Genel yaygın İnancımıza göre şehitler ölmez. Kendimizi kandırmayalım. Bal gibi öldüler. Bir hiç uğruna askerlerimiz ateşin içine atıldı. Üstelik şehit sayısı parça parça verilerek vatandaşın gazı alınmaya çalışılıyor. Belki de ilerleyen saatlerde bu sayının artmasından endişe ediliyor.  İlk gelen bilgilerde 3 askerimiz şehit edilmişti. Daha sonra bu sayı önce 9, sonraki açıklamada 22, gecenin ilerleyen saatlerinde 29 ve sabahın erken saatlerinde son açıklamaya göre ise 33’e yükseldiği anlaşılıyor. 32 askerimizin de yaralı olduğu ifade edildi.

Sırım gibi Suriyeli delikanlılar Türkiye’de ticaret yapsın, deniz kenarında piknik yapsın. Sevgilileri ile parklarda ormanlarda gezsinler, bayramlarda Suriye’ye girip çıksınlar tekrar Türkiye’ye dönsünler, ama benim daha süt kuzusu askerlerimiz gitsin bir hiç uğruna Suriye’de şehit olsunlar. Peşinden de Allah rahmet eylesin. Vatan sağolsun gibi klasik taziye cümleleri ile geçiştirilecek bir durum değildir. Klasik bir cümle ile ateş düştüğü yeri yakıyor. Bu ateş bazen de çevresini yakabilir! Allah o şehit ailelerine sabır ihsan eylesin. Bu da bizim taziyemiz olsun.

Sen daha düne kadar Esed’le can ciğer kuzu sarması olacaksın, hatta ailecek Bodum’da tatil yapacaksın, sonra da ben ona küstüm onunla konuşmam diyeceksin. Eğer Türkiye Suriye merkezi hükümetle belli düzeyde diyalog kurabilseydi durum bu safhaya gelmeyecekti. Sayın Cumhurbaşkanı Erdoğan’ın inadı uğruna maalesef Türkiye – Suriye ile savaş durumuna getirilmiştir. Efendim biz iktidar olarak Rusya üzerinden Suriye Merkezi hükümetle ilişkilerimizi devam ettiriyoruz gibi cümlelerle olayın hafife alındığı gün gibi ortada. Öyle veya böyle Suriye de bir meşru bir hükümet var. Üstelik arkasında kara kuvvetlerini İran’ın, hava kuvvetlerini ise Rusya’nın desteklediği bir Suriye var.

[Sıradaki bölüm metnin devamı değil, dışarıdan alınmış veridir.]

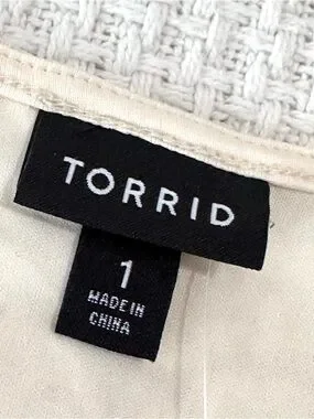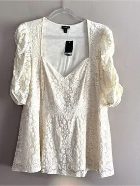 Torrid Ivory Stretch Lace Cinched Elbow Sleeve Peplum Top Womens 1X (14-16) NWT
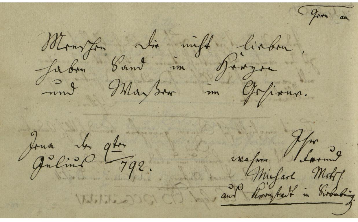 | Az inscriptio szövege: | Menschen, die nicht lieben, haben Sand im Herzen und Wasser im Gehirne. |
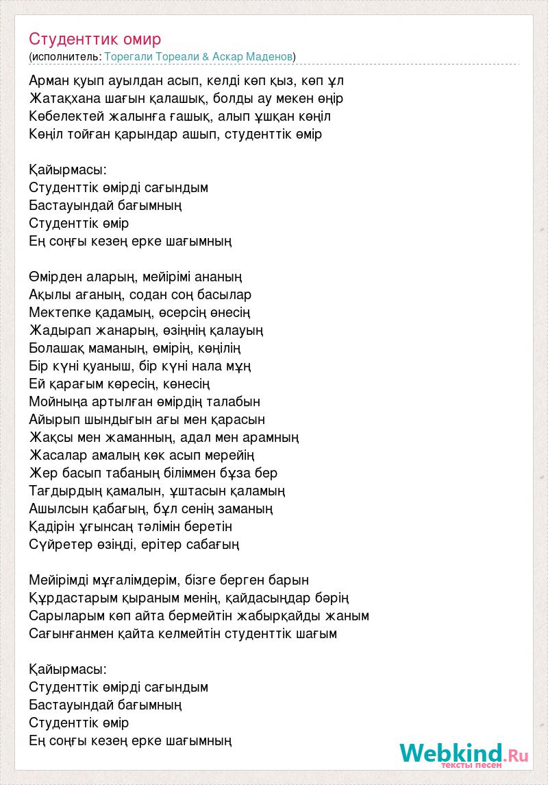 Арман қуып ауылдан асып, келді көп қыз, көп ұл Жатақхана шағын қалашық, болды ау мекен өңір Көбелектей жалынға ғашық, алып ұшқан көңіл Көңіл тойған қарындар ашып, студенттік өмір Қайырмасы: Студенттік өмірді сағындым Бастауындай бағымның Студенттік өмір Ең соңғы кезең ерке шағымның Өмірден аларың, мейірімі ананың Ақылы ағаның, содан соң басылар Мектепке қадамың, өсерсің өнесің Жадырап жанарың, өзіңнің қалауың Болашақ маманың, өмірің, көңілің Бір күні қуаныш, бір күні нала мұң Ей қарағым көресің, көнесің Мойныңа артылған өмірдің талабын Айырып шындығын ағы мен қарасын Жақсы мен жаманның, адал мен арамның Жасалар амалың көк асып мерейің Жер басып табаның біліммен бұза бер Тағдырдың қамалын, ұштасын қаламың Ашылсын қабағың, бұл сенің заманың Қадірін ұғынсаң тәлімін беретін Сүйретер өзіңді, ерітер сабағың Мейірімді мұғалімдерім, бізге берген барын Құрдастарым қыраным менің, қайдасыңдар бәрің Сарыларым көп айта бермейтін жабырқайды жаным Сағынғанмен қайта келмейтін студенттік шағым Қайырмасы: Студенттік өмірді сағындым Бастауындай бағымның Студенттік өмір Ең соңғы кезең ерке шағымның
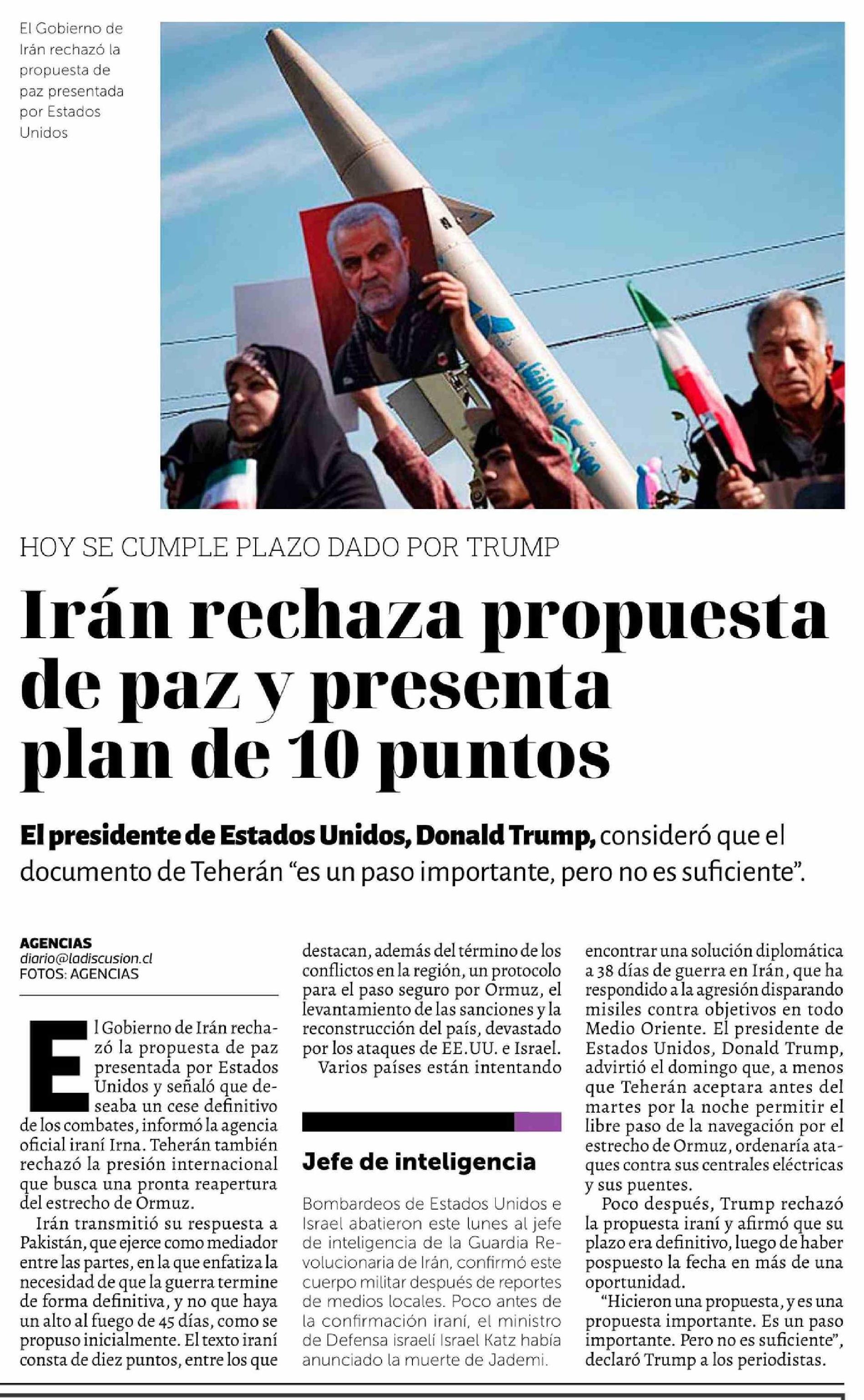 Irán rechaza propuesta de paz y presenta plan de 10 puntos

Böyle bir orantısız bir güç dengesi karşısında diplomasi kanalları tamamen tüketilmeden cepheye mehmetciği sürmek bana göre bir hata idi. Rusya ve İran ikna edilmeden böyle bir diklenme ile askerimiz oraya gönderilmemeli idi. Üstelik Rusya’nın bölgede hava sahasını kapattığı bir aşamada Türkiye’nin elini ve kolunun bağlandığını görüyoruz. Üstelik açıklamalarda rejim güçlerine 1709 zayiat verildiği yandaş kanalları tarafından ilan ediliyordu. Nereden bileceğiz bu sayının doğru olduğunu. Reuters Ajansı mı verdi. Rus Tas Ajansı mı verdi. Veya Suriye Merkezi Hükümet televizyonları mı açıkladı. Bu açıklamalar Türk Milleti’nin gazını almaya yönelik olmakta ileriye gidemez.

Türk Milleti olarak büyük üzüntü içindeyiz. Sonuçta bu şehitlerimiz bizim evlatlarımız. Biz ne kadar üzgünüz desek te , feryadı figan etsek te şehit ailelerinin ocaklarına düşen ateşi asla tahayyül edemeyiz. Son saldırılar birkaç şehit kelimesi ile de küçümsenecek bir durum değildir. Bunu hem içeride, hem de dışarıda siyasi ve hukuki sonuçları olacaktır.

Türkiye’nin uyguladığı dış politikanın sonucu olarak şahsen darbeyi ABD’den bekliyordum. Ama darbe Sayın Cumhurbaşkanı’mızın kankası Putin’den geldi. Hem de çok ağır geldi. Ancak ABD’yi bu arada unutmamalıyız. Her ne kadar Rusya karşısında Türkiye’nin yanındayız gibi cılız açıklamalara kanmamalıyız. ABD’den silahlı darbe değil de ekonomik darbe geleceğini asla unutmamalıyız. ABD er veya geç Türkiye’ye ekonomik bir darbe vuracağını düşünüyorum. Bekleyip göreceğiz.